At a significance threshold of 0.05, we had 98% power to detect polygenic scores explaining ≥0.2% of variance in case/control status for any validation subtype, 81% to 82% power to detect scores explaining ≥0.1% of variance (varying by subtype), and 51% to 53% power for scores explaining ≥0.05% of variance.13 At a significance threshold of 0.001, the corresponding power estimates were 76% to 78%, 32% to 34%, and 10% to 11%, respectively.
Lookup for Individual SNPs Associated With Kidney or Stroke Traits
As a secondary analysis, we conducted targeted, cross-trait analyses for individual SNPs previously associated with kidney traits or IS subtypes. These analyses are described in the online-only Data Supplement.

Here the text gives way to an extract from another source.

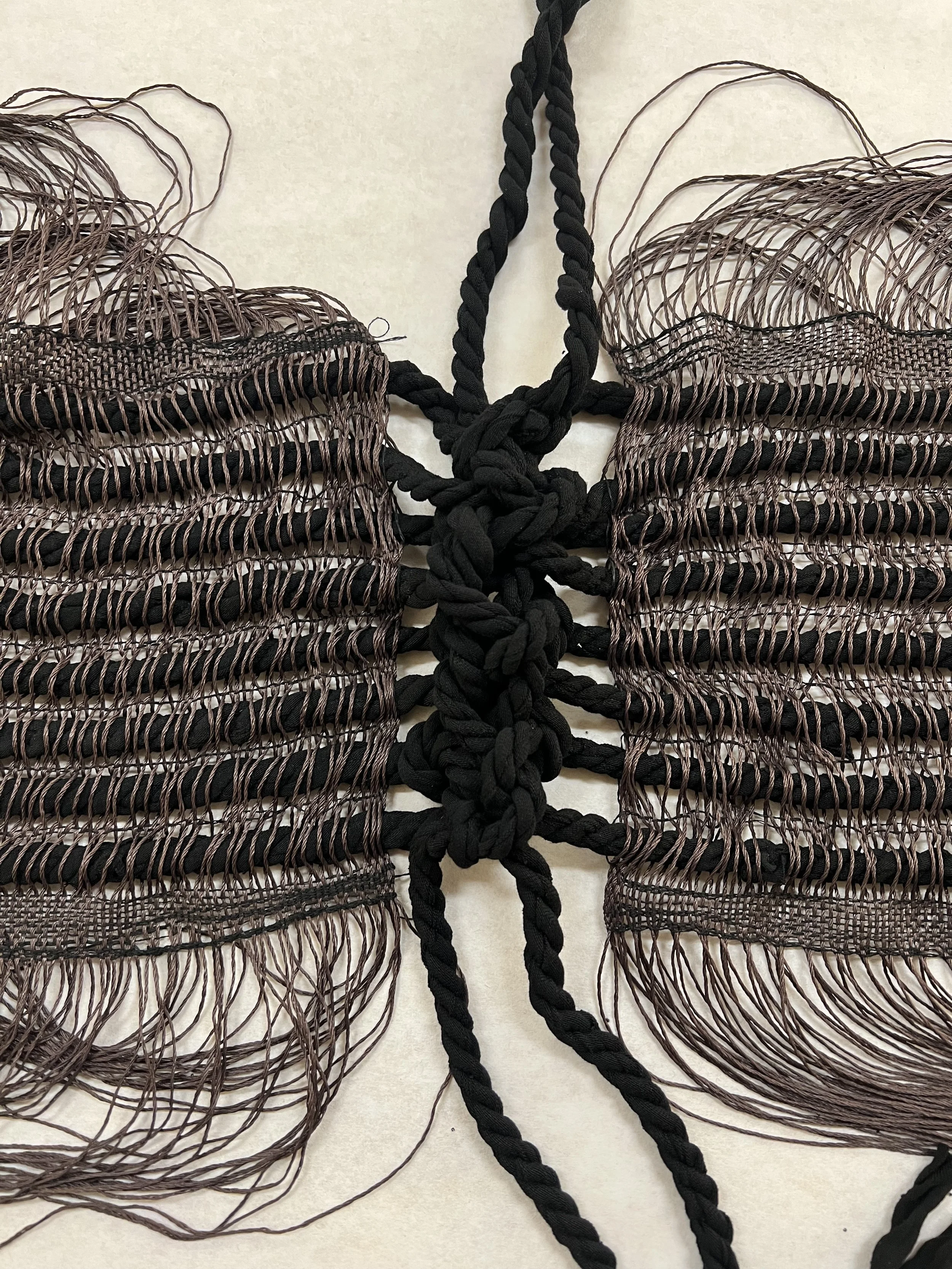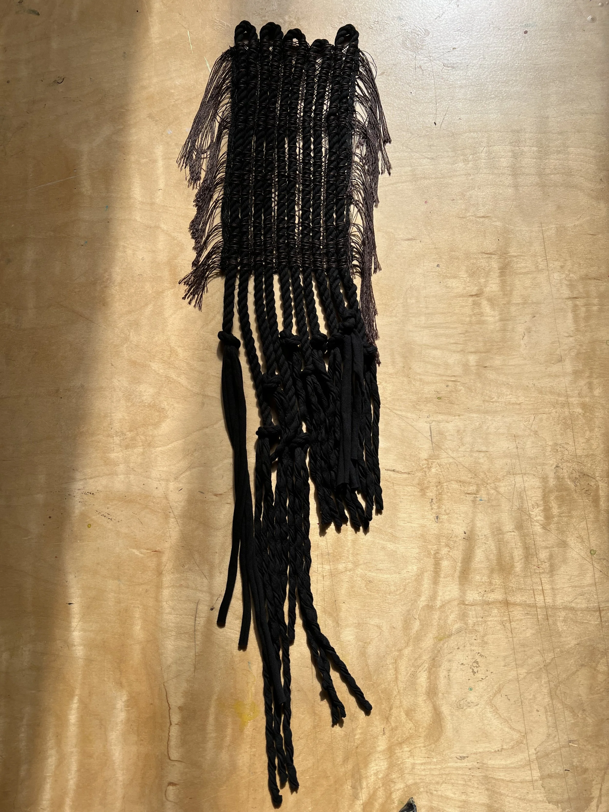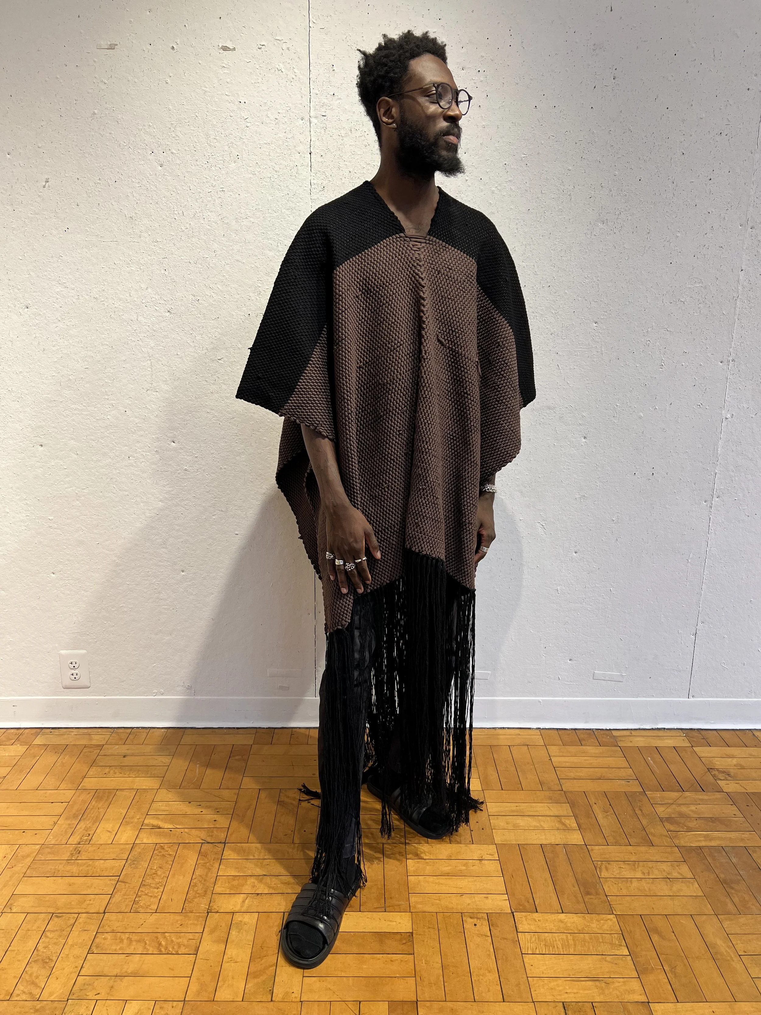 Rope making, weaving, and manipulation of disseminated materials converge to abstract a narrative about perseverance, ambition, and fate. Through the most essential shapes and the elimination of the cut, what emerges is a concept of dress that is as minimalist as the landscape that shaped it.

SNP set enrichment across P value thresholds for the 3 kidney traits is shown in Figure. Enrichment was strongest for eGFR based on serum creatinine (eGFRcrea). Modest SNP enrichment was also observed for eGFR based on Cystatin C (eGFRcys). Results for UACR showed less marked evidence for enrichment.
Polygenic Scoring Results
A total of 4561 IS cases and 7094 controls were used for polygenic score association testing (Table 1). Based on observed correlation among traits (online-only Data Supplement), the adjusted study-wise significance threshold was α=0.001.

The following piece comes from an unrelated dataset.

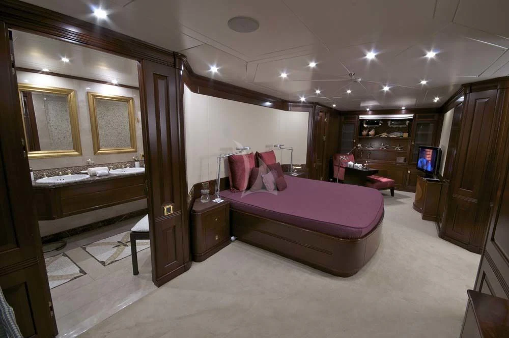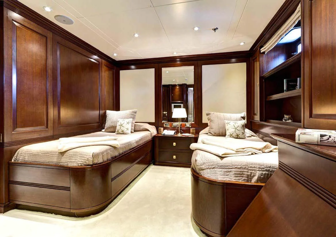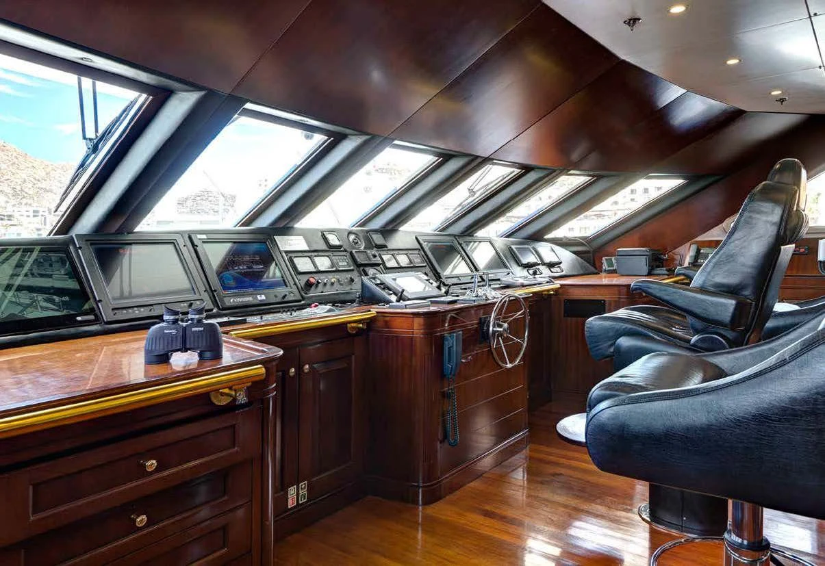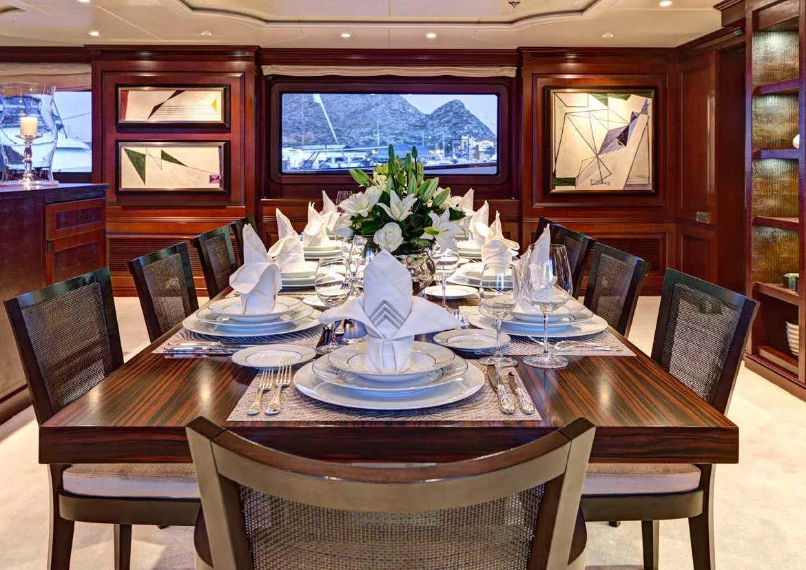 Her six spacious and well-appointed staterooms accommodate up to 12 guests in style. The full-beam, completely customized, main deck master features a beautiful his-and-hers en-suite with stunning wood-encased bathtub and striking mosaic, as well as a huge dressing area, desk, and audio-visual system. The full-beam VIP stateroom, two queens, and two twins are all furnished with glossy dark woods and luxurious fabric, in keeping with the opulent décor of AZTECA II, and boast generous en-suites. With her crew of 12, a cruise aboard this luxury yacht will guarantee that guests can relax and enjoy the special ambiance on board AZTECA II.

Two scores derived from eGFRcrea showed nominal association with broad IS, reaching P=0.02 and P=0.05 (for Pthreshold=0.001 and 0.01, respectively, see Table 2). Five eGFRcrea-based scores showed nominal association with LAA, with peak association (P=0.004) observed for Pthreshold=0.05. This score explained an estimated 0.26% of LAA case–control variation (Table III in the online-only Data Supplement). For both IS and LAA, scores for all 10 P value thresholds demonstrated the expected negative direction of effect, with genetic scores indicative of higher eGFRcrea correlating with reduced (negative) stroke risk. No eGFRcrea-based score showed association with either CE or SVD, and effect directions were also inconsistent within these subtypes.
Polygenic scores derived from eGFRcys showed no association with broad IS or any of its subtypes (all P>0.05; see Table IV in the online-only Data Supplement). Further, effect directions were inconsistent across tests within each stroke type.
For UACR, one score (Pthreshold=0.01) showed nominal association with broad IS (P=0.04; Table 3). Three scores were also nominally associated with LAA (peak P=0.01 at Pthreshold=0.001, R2=0.11%) and 1 score showed nominal association with SVD (P=0.03 at Pthreshold=0.0001, R2=0.14%; see Table III in the online-only Data Supplement). For the 3 traits (IS, LAA, and SVD), all effects were in the expected direction, with scores indicative of higher UACR (microalbumuria) correlating with positive stroke risk.
None of the polygenic associations passed the study-wide significance threshold of 0.001. However, within each of the 5 trait combinations showing nominal association (eGFRcrea-IS, eGFRcrea-LAA, UACR-IS, UACR-LAA, and UACR-SVD), the direction of effect across all 10 tests was in accordance with prior evidence. We conducted simulations to empirically estimate the probability of this pattern occurring by chance for any given kidney-stroke trait combination (online-only Data Supplement). For eGFRcrea, the probability of a set of 10 tests showing a negative effect was P=0.080, based on 10 000 simulations. For eGFRcys and UACR, the corresponding 1-sided probabilities were 0.067 and 0.069, respectively. Thus, the observed pattern was unlikely to have arisen by chance in any given set of 10 tests.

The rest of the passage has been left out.